## Work required
Go to the line with "Demana cita per" in the records below, then output it and each following line exactly, up to and including the line with "Boiled puffer fish". Skip pictures and add nothing.

## Provided records
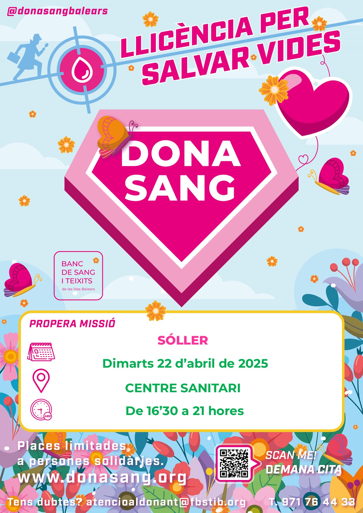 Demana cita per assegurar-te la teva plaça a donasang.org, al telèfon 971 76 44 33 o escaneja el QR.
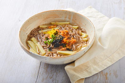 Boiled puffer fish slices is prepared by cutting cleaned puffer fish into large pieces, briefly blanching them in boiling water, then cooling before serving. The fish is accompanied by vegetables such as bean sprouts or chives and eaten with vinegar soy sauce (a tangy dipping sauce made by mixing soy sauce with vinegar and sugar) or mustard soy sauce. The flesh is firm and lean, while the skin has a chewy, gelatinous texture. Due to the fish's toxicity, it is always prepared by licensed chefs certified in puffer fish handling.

--

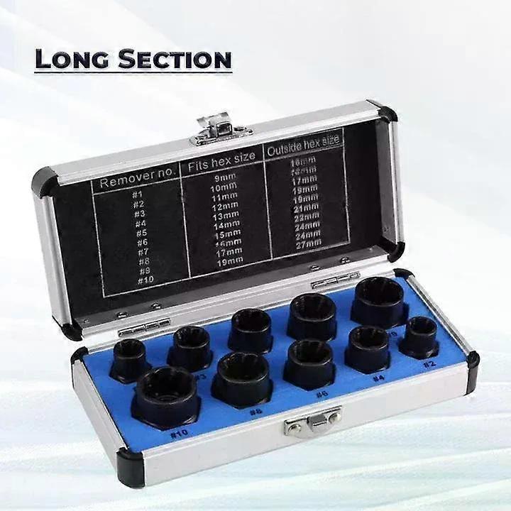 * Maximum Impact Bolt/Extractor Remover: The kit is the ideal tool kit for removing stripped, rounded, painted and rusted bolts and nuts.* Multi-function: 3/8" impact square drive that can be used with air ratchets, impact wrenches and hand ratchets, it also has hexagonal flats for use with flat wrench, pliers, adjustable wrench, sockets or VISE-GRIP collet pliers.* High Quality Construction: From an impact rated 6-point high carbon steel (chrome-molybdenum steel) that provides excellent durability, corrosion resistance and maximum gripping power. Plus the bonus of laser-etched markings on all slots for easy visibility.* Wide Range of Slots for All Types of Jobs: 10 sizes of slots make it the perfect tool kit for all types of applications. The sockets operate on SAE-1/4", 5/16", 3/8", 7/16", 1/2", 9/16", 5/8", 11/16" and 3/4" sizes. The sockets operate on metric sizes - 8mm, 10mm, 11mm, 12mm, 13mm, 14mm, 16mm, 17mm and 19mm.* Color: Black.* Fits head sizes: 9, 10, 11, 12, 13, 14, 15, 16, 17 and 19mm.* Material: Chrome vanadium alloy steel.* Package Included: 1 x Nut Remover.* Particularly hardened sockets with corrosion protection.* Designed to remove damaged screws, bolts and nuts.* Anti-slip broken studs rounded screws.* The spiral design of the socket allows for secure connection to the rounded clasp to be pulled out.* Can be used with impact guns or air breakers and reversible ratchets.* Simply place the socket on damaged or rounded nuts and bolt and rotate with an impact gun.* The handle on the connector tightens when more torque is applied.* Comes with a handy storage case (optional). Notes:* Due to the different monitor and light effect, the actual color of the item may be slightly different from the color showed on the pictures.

--

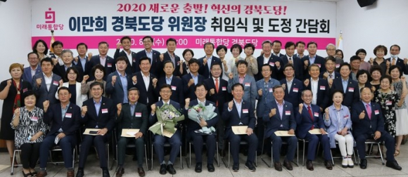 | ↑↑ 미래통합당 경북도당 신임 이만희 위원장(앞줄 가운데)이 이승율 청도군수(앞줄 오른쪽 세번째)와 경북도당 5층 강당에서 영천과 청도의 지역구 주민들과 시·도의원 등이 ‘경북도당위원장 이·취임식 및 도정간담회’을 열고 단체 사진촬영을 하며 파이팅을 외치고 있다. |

## Output
 Demana cita per assegurar-te la teva plaça a donasang.org, al telèfon 971 76 44 33 o escaneja el QR.
 Boiled puffer fish slices is prepared by cutting cleaned puffer fish into large pieces, briefly blanching them in boiling water, then cooling before serving. The fish is accompanied by vegetables such as bean sprouts or chives and eaten with vinegar soy sauce (a tangy dipping sauce made by mixing soy sauce with vinegar and sugar) or mustard soy sauce. The flesh is firm and lean, while the skin has a chewy, gelatinous texture. Due to the fish's toxicity, it is always prepared by licensed chefs certified in puffer fish handling.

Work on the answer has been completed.